Throughout this prolonged national debate about what to do with our dysfunctional health care system, we here in Florida have heard precious little from or about the state’s dominant private health insurer, Blue Cross Blue Shield of Florida (BCBSF), which covers nearly one out of three insured Floridians.
As this titanic battle appears to be heading towards a congressional climax, it’s all too easy to be swayed by both sides into seeing the Democratic reform effort led by President Obama in overly simplistic terms - good or bad, right or wrong, black or white.
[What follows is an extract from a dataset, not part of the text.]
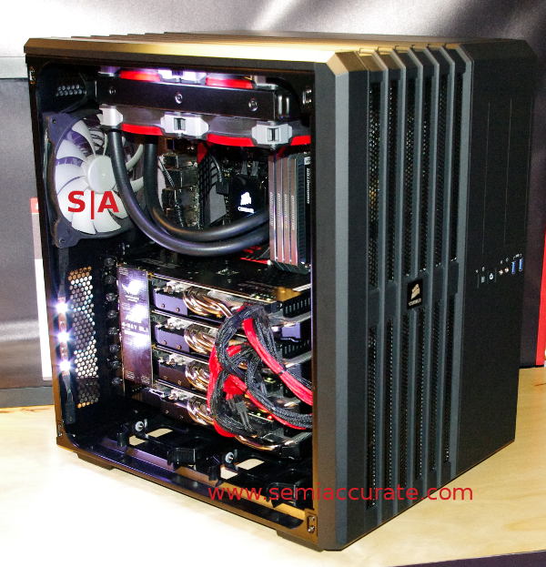 The first thing you saw when you walked in to the Corsair suite is a big case, and we mean really big case. The monster below is called the Carbide Air 540, and if it looks like two mini-tower cases welded together side by side that is mainly because this is what the 540 is. The left side is for the mobo and all things directly mounted to it, and the front has massive fan mountings where drives normally go. The rear is also fan mount heavy so there is a straight airflow path over the high wattage components.

But the painful, confusing realities of how America’s private health insurance system is structured, and who stands to benefit the most from different kinds of changes to that structure - those realities may be more easily understood by looking at what’s happening in the "gray zone", where the Business of health care and the Politics of health care overlap and blur together, where black and white, right and wrong and good and bad can get very hard to tell apart.
That is the murky territory where you’ll find Florida’s largest health insurer trying to stay out of the line of fire and come out on top no matter what - doing its charitable works and playing the part of good corporate citizen, while carefully and covertly playing all sides against the middle when it comes to dealing with the entire issue of health reform, and Florida's vast population of uninsured citizens.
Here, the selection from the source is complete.